In Japan, tourists will soon have their fingerprints scanned when they enter the country. That’s not new–it happens to everyone who visits the U.S., too. The difference here is that in Japan, you will then be able to use your fingerprint to pay for things.
The project is a trial, and the convenience of fingerprint payments is clearly a sugar coating on the other security-related reasons for biometric data collection. According to the Japan News, the Japanese government wants to have a fully functioning biometric collection system in place for the 2020 Olympics.
It works like this: Tourists can register both their credit cards and their fingerprints upon arrival at an airport. They can then use fingerprint readers in participating stores to pay for goods and services. For now, 300 shops and hotels in popular tourist areas will participate, says Japan News, and will be gradually expanded.

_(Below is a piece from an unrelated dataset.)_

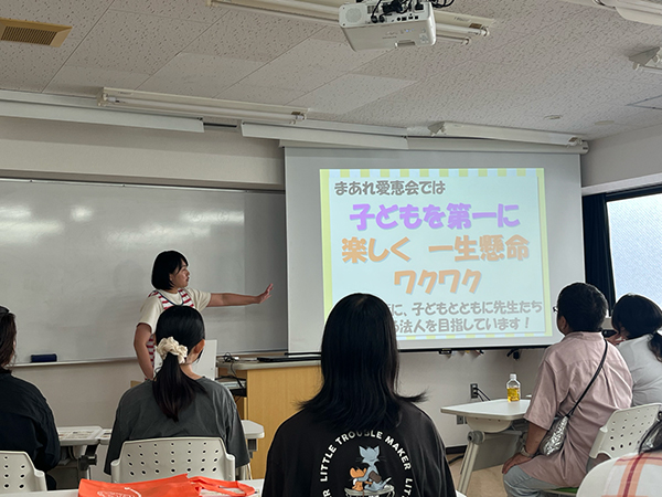 夜間、社会人枠の学生さんを対象に授業の一環としてノッチ主催のプレ就職ガイダンスに参加しました。就職活動や園見学のポイントについてお話をさせていただきました。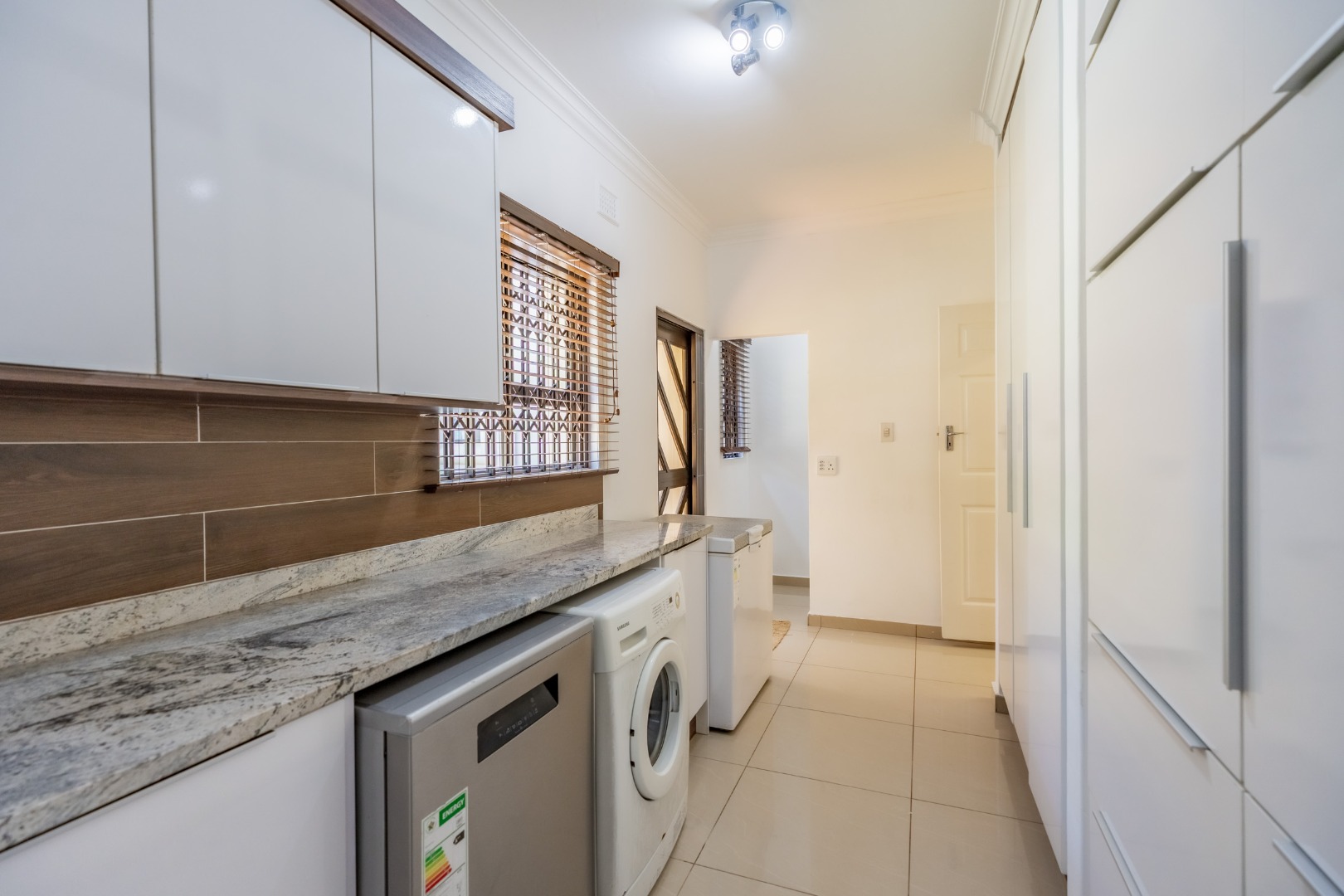 The chef’s kitchen is both stylish and functional, offering a gas stove, eye-level oven, and modern finishes throughout. A separate scullery and laundry room add to the convenience, while an office or playroom just off the kitchen provides flexible living options.

Of course, even the convenience of shopping without a wallet won’t be free. Tourists will also be tracked for commercial benefit–helping the tourist industry and government analyze visitors’ movements and spending habits.
The problem is that fingerprints aren’t even a good biometric ID. They may be unique, but they are far from secure and have the added problem that you have to hand over a unique identifier to a government agency.
“Biometrics are easy to steal,” says security writer Bruce Schneier. “You leave your fingerprints everywhere you touch, your iris scan everywhere you look. Regularly, hackers have copied the prints of officials from objects they’ve touched, and posted them on the Internet. We haven’t yet had an example of a large biometric database being hacked into, but the possibility is there. Biometrics are unique identifiers, but they’re not secrets.”
Better, says Schneier, is a system that uses your fingerprint to unlock your cellphone, which then authenticates you. This requires two things: your phone and your fingerprint, making it harder to spoof.
The other problem with using a fingerprint for payment is that you’re stuck with it. “Passwords can be changed, but if someone copies your thumbprint, you’re out of luck,” says Schneier. “You can’t update your thumb. Passwords can be backed up, but if you alter your thumbprint in an accident, you’re stuck.”
If somebody steals your credit card number, it can be canceled. Try that with a fingerprint. And that’s before we even get started with movie-plot crimes where criminals lop off fingers to steal your ID.
Fingerprints and other biometrics are useful ways to ID people, but we should be careful about how we use them, and an individual should retain control over their own prints, perhaps by using a your own fingerprint scanner in your phone. We don’t want to end up with fingerprints being like antibiotics–so overused that they become useless. Imagine if the Japanese government’s fingerprint database were hacked. The entire payment system would collapse, with no way fix it.